The taxi driver also raised his eyebrow: "No cash? No liras? How are you going to pay me?"

"How far is the nearest bank?", Rostov asked.

"Istanbul, near the airport.", the taxi driver answered.

"And how about me, taking the birds with me, right now, and you drive me to the airport, I take out the liras I need, plus a bit extra for the tip, and after that, you come back here to pay Mister Turan?", Rostov suggested.

Mister Turan objected: "No. No credit. You pay cash or you won't get any bird."

Rostov raised his hands and his head to the cloudless sky; what a country to do business with... There was no other option: he jumped into the taxi and asked the driver to go back to the airport. An hour later he returned, with lots of liras and lots of hurries. He put the money on the table and said: "Here you are, Mister Turan. 1.200 liras. Can you please give me the turkeys? My plane leaves in an hour..."

Mister Turan was on his coffee break. He pointed with his thumb to a place behind him: "Over there. You can get them yourself."

Rostov looked in the indicated direction: "In the house? In the freezer?"

"In the field. We don't do cold turkey around here. We got a lust for life. It's easy. It's like hypnotising chickens.", Mister Turan answered. He invited the taxi driver to a cup of fresh coffee. Don't expect any help here. Rostov took a deep breath. Being married to an LSD agent is a lot more than a job. He entered the field and strode towards the first turkey he saw. The turkey saw him too. Its sixth sense warned him: this tall man in his expensive suit was not here to play chicken with him. The big, black bird took off towards the other end of the field and advised its family to join him in the race. Rostov increased his speed to a jog, then to a run, to a sprint, and finally attempted to break the world record on the long jump, arms forward, aiming for the neck of the turkey. The turkey won. The expensive suit lost. Rostov looked at himself, head to toe covered in mud, but he didn't want to surrender too easily: "You want to play rough? Okay, we play rough." But his Italian shoes were not made for hiking or mud wrestling, the turkey played on his home ground, and after ten more minutes of desperate attempts, Rostov was still empty-handed. A thick layer of mud avoided the steam coming out of his ears.

He decided to go for help.
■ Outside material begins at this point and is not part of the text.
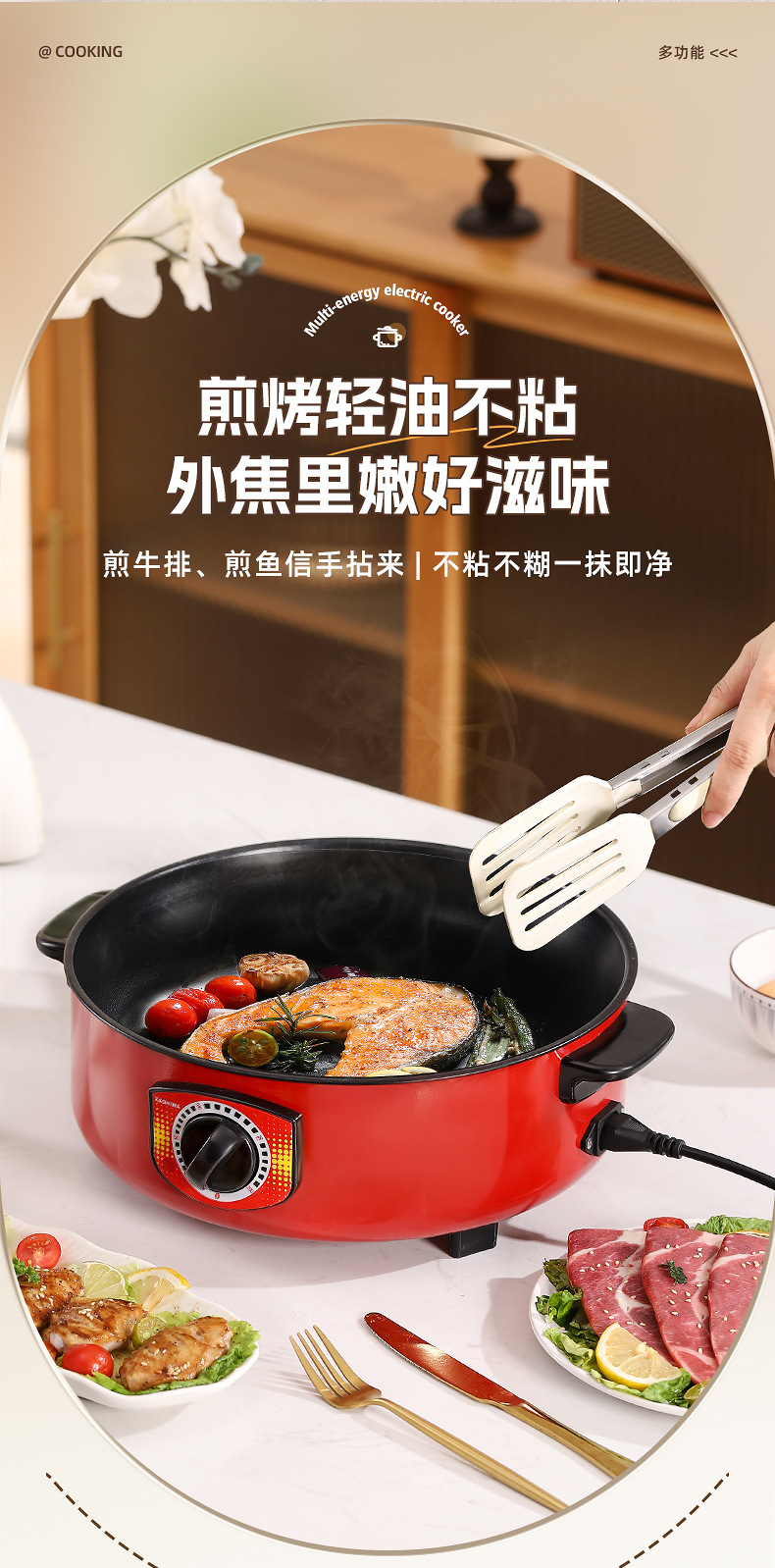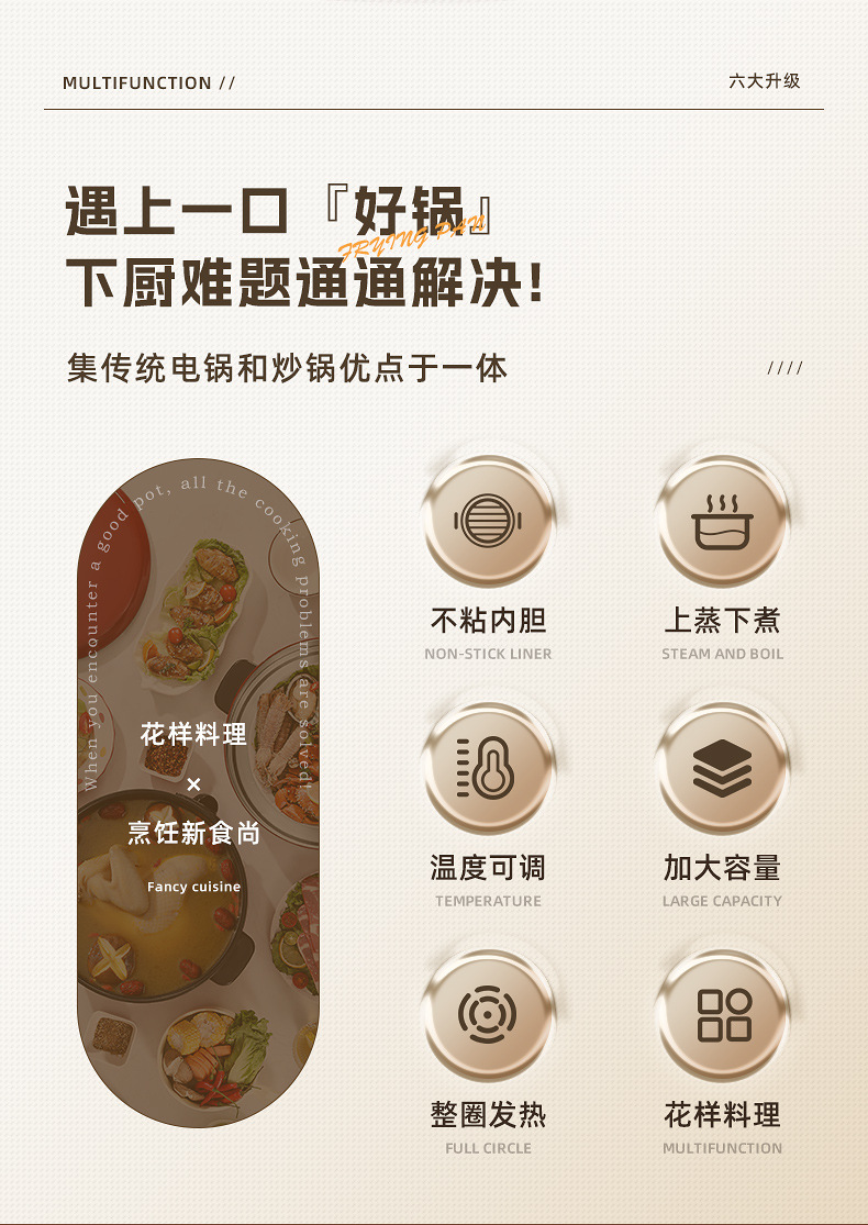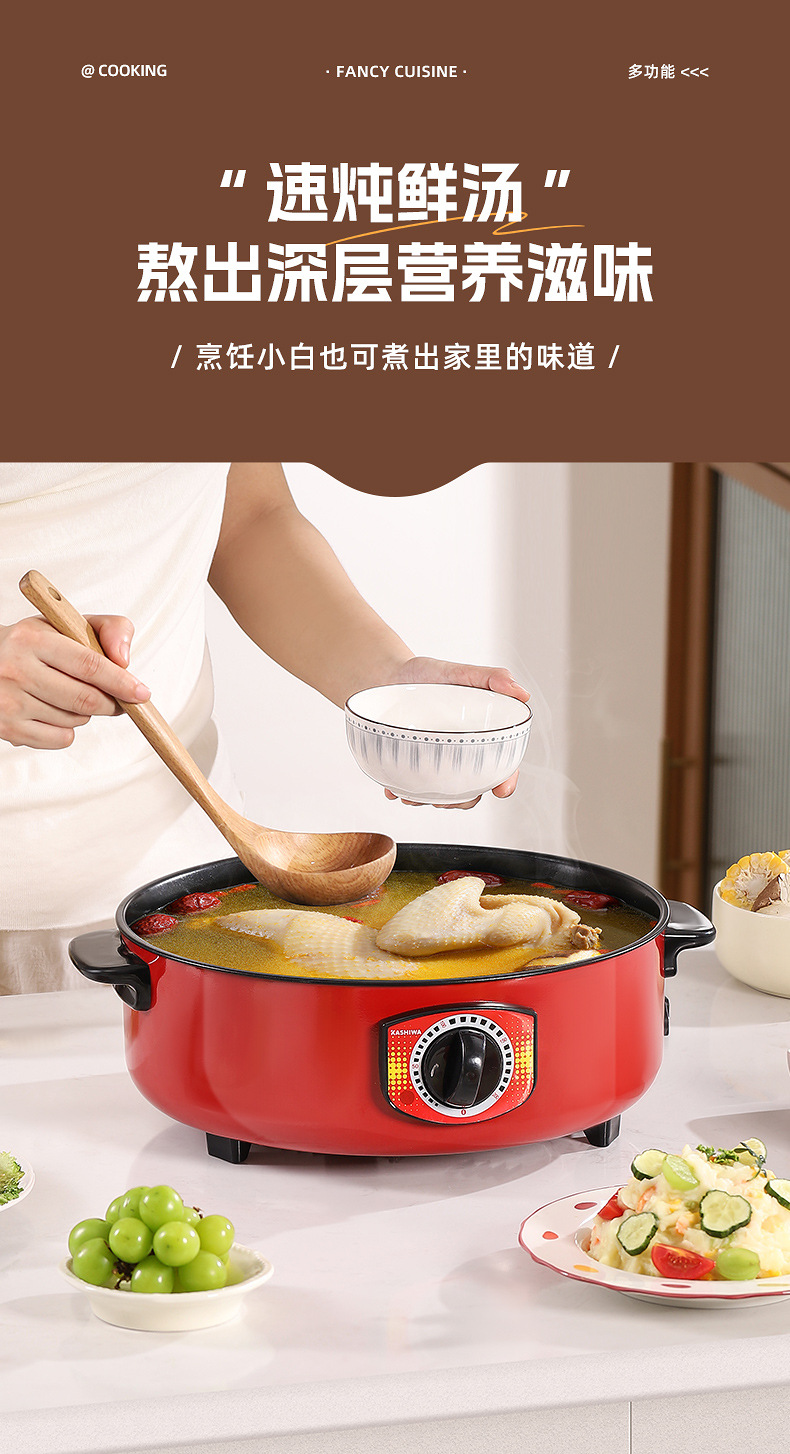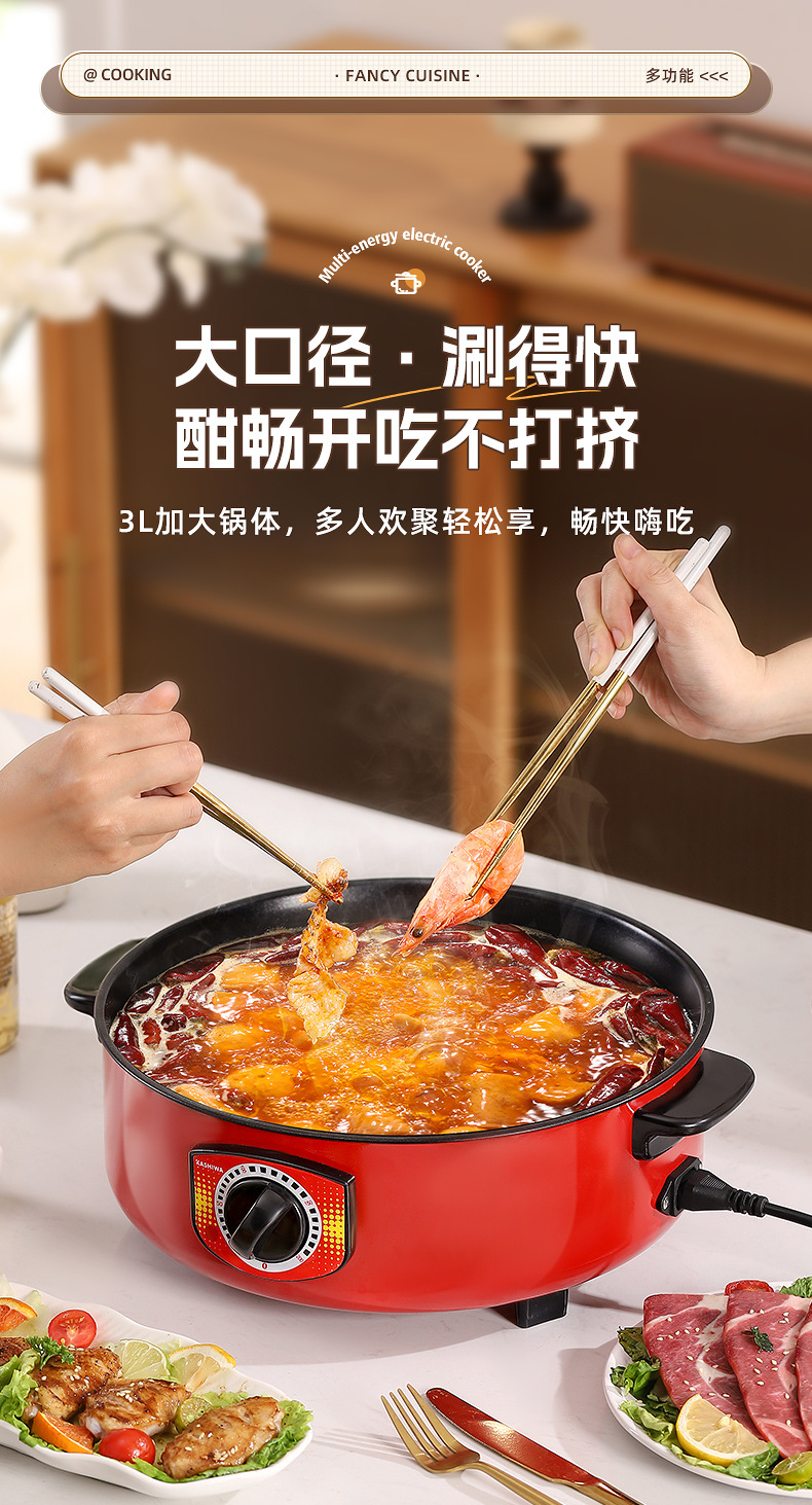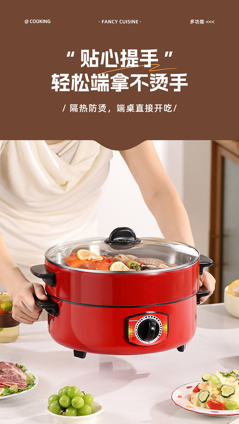 电煮锅多功能宿舍学生不粘锅家用蒸锅电火锅带蒸格蒸煮一体锅批发

He returned to the table in front of the house, where Mister Turan and the taxi driver were on the second round of the coffee break, and asked: "Can you please catch the birds for me? I'll pay you extra."

"How much extra?"

"I'll double the price." Rostov counted twelve more banknotes of 100 liras and put them on the table.

Mister Turan looked at them and shook his head: "Okay. As soon as my coffee break is over. In an hour or so."

"But... I have a plane to catch and it leaves... in about 45 minutes. It's a matter of national safety, no, of international importance, of world peace... Please, catch those birds for me."

Mister Turan looked at his customer: "You put your suit in the washing machine and you take a coffee with us. There's nothing more important than drinking coffee with your friends. If the international important people drank more coffee together and fight less, there would be fewer problems and no cases of international importance that threaten world peace."

Rostov had one last card left: "You don't understand. My wife asked me to do this. If I don't get home with twelve fresh turkeys..."

Mister Turan frowned. This was indeed a different matter; one doesn't argue with the wife. He asked: "Does she love you?"

The unusual question surprised Rostov: "Yes, she does."

Mister Turan took another cup, filled it with coffee and put it in front of Rostov on the table, while he said: "If she loves you, she'll forgive you. Kiss her when you come back home, and everything will be alright."

Rostov looked at his outfit. Come back muddy? Nobody would allow him to enter a plane, dressed this way. The coffee smelled good. Rostov smelled awful. He took his phone and sent Katja a message: «Tell the US Secretary: the new tradition is to eat vegetarian at Thanksgiving. The turkey says: "thanks".»

Then he took the battery out of his phone and went to the shower.